Most AI demos look impressive—until you ask a simple question:

“Would this actually work inside a real mobile app, on a real device, for a real user?”

I’ll walk through how I built a fully on-device intent classifier using a Small Language Model (SLM), why smaller models behave very differently than large ones, and what actually breaks when you try to ship this in production.


In most retail or marketplace apps, intent is inferred after the user does something: 

  • They browse → we react 

  • They abandon checkout → we send an email 

  • They search → we show results 


But the most valuable moment is much earlier. The search box. 

Traditional approaches solve this with: 

  • Keyword rules 

  • Regex 

  • Hard-coded taxonomies 


It does a really good job, don't get me wrong. But it can be much more powerful than this.  


What is the Idea?


Recently, a TV I bought from Amazon had a problem on shipping. Amazon’s support is great but finding it isn’t.


To get help, I had to:

- Open my orders

- Find the purchase

- Navigate multiple screens

- Finally reach support after several clicks


As a user, I already knew what I wanted: help. But the app treated me like a shopper.

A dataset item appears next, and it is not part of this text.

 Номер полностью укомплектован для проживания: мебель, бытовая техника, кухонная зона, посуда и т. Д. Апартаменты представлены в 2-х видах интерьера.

I want to solve that problem. I wanted something that: 

  • Understands meaning, not keywords 

  • Runs fully on the device 

  • Responds in under a second 

  • Is deterministic enough for UX flows 


The idea is simple:

Upgrade the search box with a local Small Language Model.

Instead of treating every search as a shopping query, the search box should understand intent.


Why On Device , No Cloud?


This wasn’t a philosophical choice. It was a product constraint

I wanted: 

  • Zero network dependency 

  • No user data leaving the device 

  • Predictable latency 

  • No per-request cost 

  • Something that could run at scale 


This immediately rules out cloud LLMs. Instead, I focused on Small Language Models that can run locally using DataSapien SDK.

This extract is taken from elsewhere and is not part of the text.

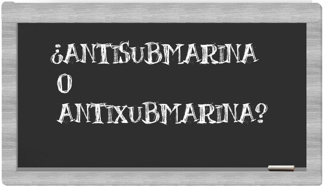 En la situación particular que involucra los términos antisubmarina y antixubmarina, nunca deberías tener incertidumbre, puesto que únicamente antisubmarina está correctamente redactada. Por otro lado, antixubmarina no se encuentra registrada en el Diccionario de la Real Academia Española.
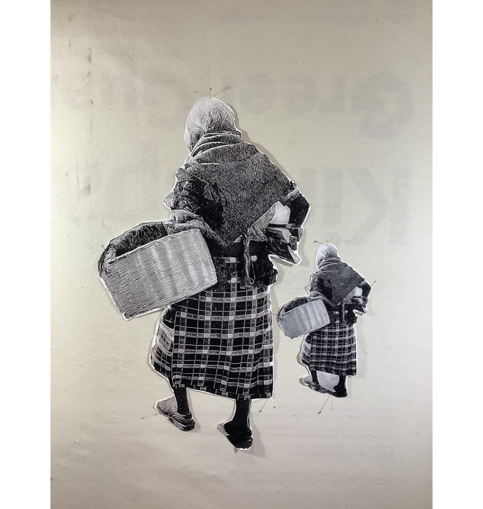 But I felt a need to zero in more on the ladies so, I blew up the photographs in different scales to explore different compositions and approaches to the style of the piece.

Model Comparison: What Actually Worked (and What Didn’t) 

Model 

Size 

Latency (after load) 

Observed Behavior 

Verdict 

Gemma-3-270m-it-q8_0 

~280MB 

 

~0.1–0.2s 

 

Struggled to follow rules consistently. Often ignored decision boundaries and failed to extract meaning from short queries. Outputs felt noisy and semantically shallow. 

❌ Too weak 

 

Qwen 2.5 – 0.5B 

~500 MB 

~0.1–0.2s 

Overfit to dominant patterns. Tended to collapse into a single label (e.g. always SALES or always SUPPORT). Struggled with semantic ambiguity. 

❌ Unstable 

 

Gemma 3n 4eb 

~4.5 GB 

~3.0–4.9s 

Good semantic understanding and relatively stable decisions. However, model size and on-device cost made it impractical for this use case. 

⚠️  

Good but expensive 

 

Qwen 2.5 – 3B  

~1.6–2 GB 

~0.2–0.7s 

Consistent binary decisions. Strong semantic separation. Followed minimal prompts well. Stable across repeated runs. 

✅ Selected 

 

*RAW inference results data can be shared upon request. 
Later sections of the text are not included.